Within the listing that follows, reproduce exactly the lines starting at the line with "Oso premium de" and ending at the line with "ご飯 牛乳 さわらのつけやき ほうれんそうのおひたし 大根の煮物", inclusive, and only those. Pictures are dropped.

■ Records for this exercise ■
⟨

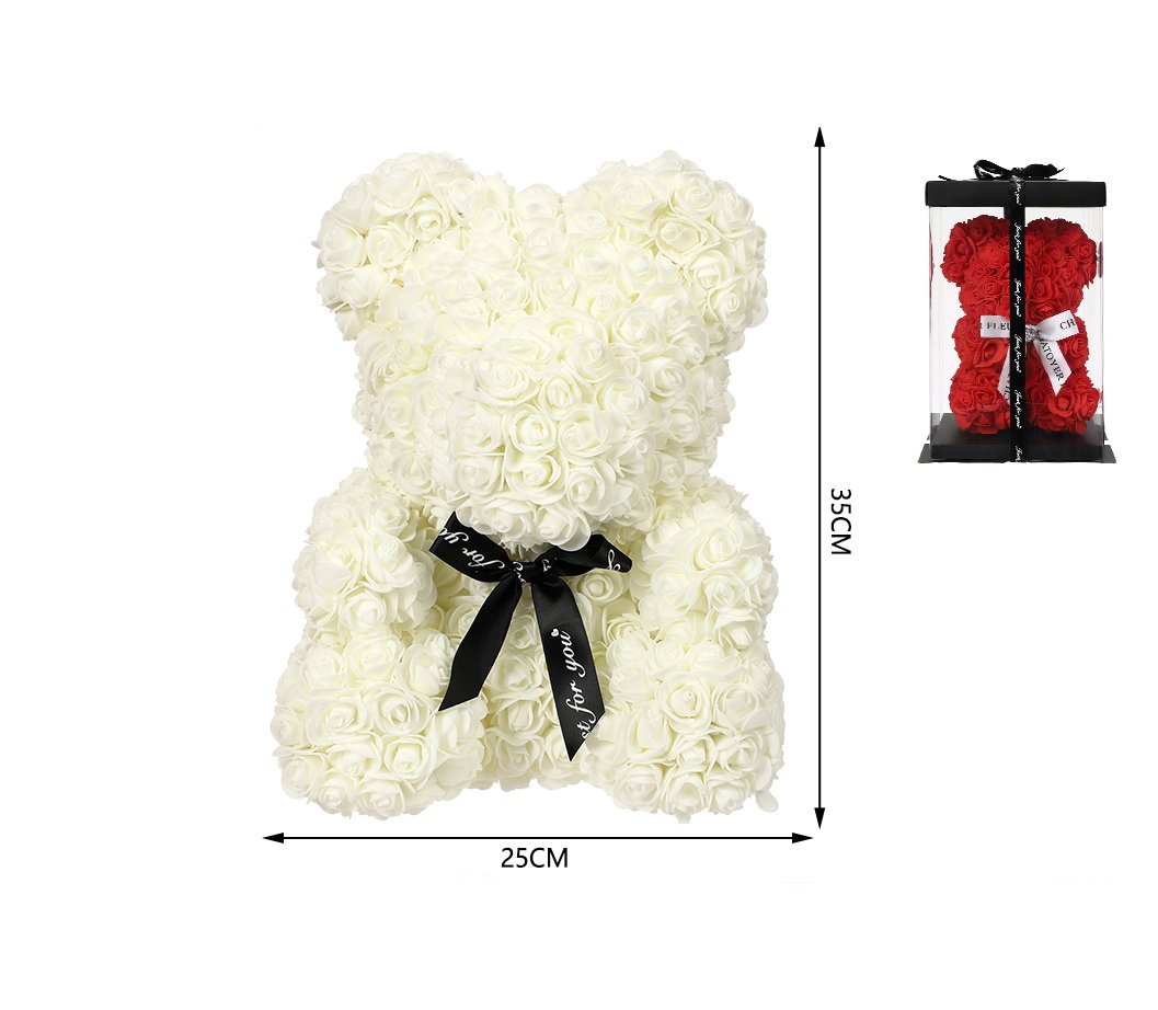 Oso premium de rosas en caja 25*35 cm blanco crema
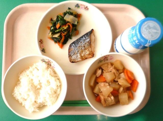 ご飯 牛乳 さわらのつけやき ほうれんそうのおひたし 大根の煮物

⟩
⟨

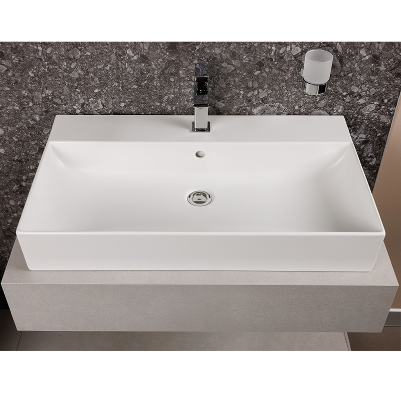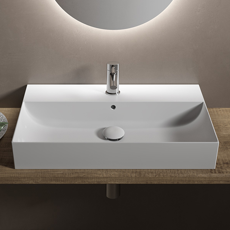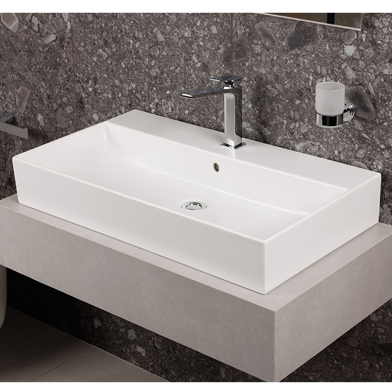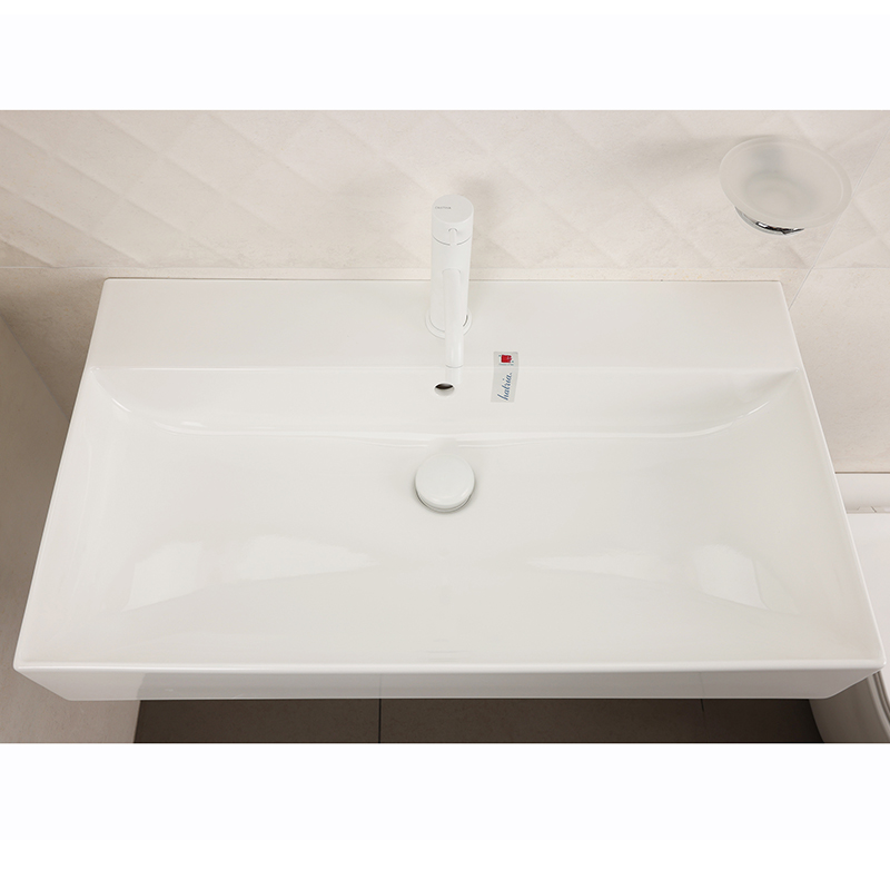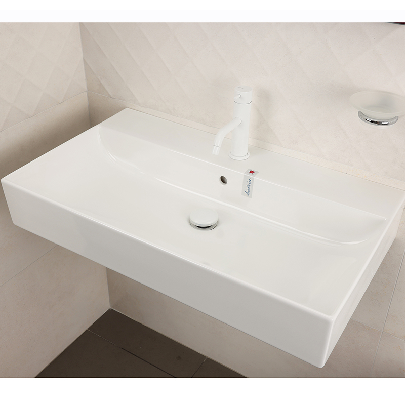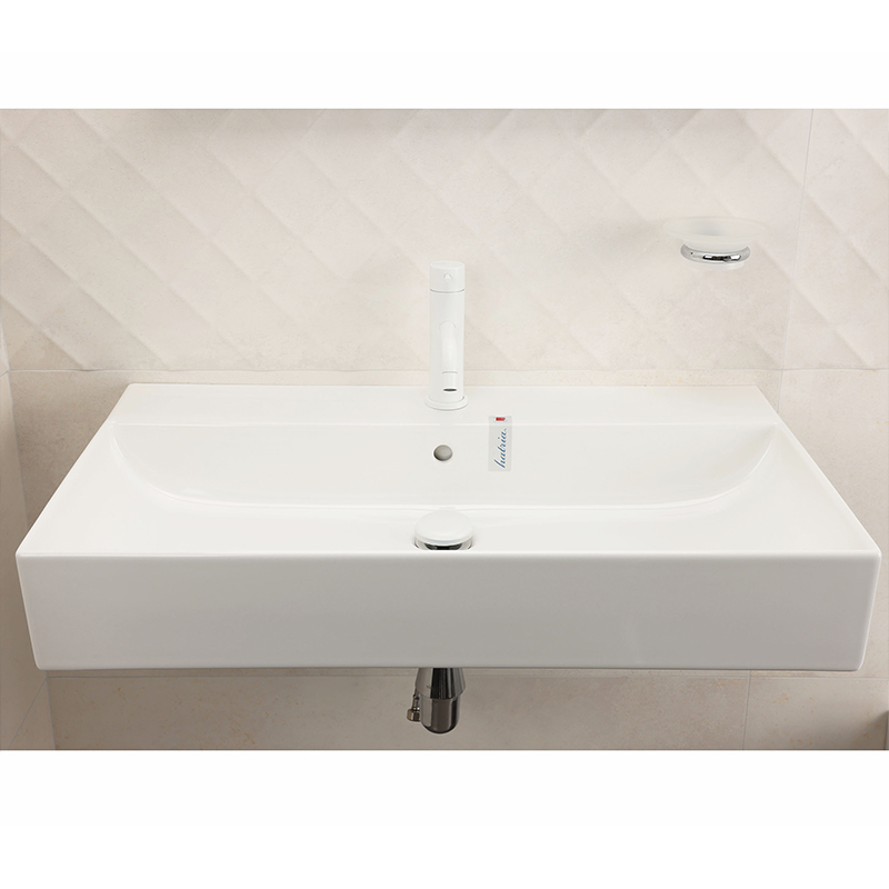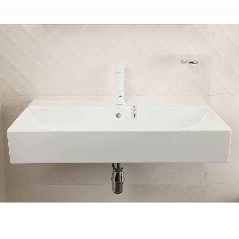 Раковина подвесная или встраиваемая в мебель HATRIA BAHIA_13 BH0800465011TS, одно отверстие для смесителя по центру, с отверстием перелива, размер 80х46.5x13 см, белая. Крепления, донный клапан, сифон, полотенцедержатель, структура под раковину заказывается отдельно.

⟩

■ Result of the exercise ■
 Oso premium de rosas en caja 25*35 cm blanco crema
 ご飯 牛乳 さわらのつけやき ほうれんそうのおひたし 大根の煮物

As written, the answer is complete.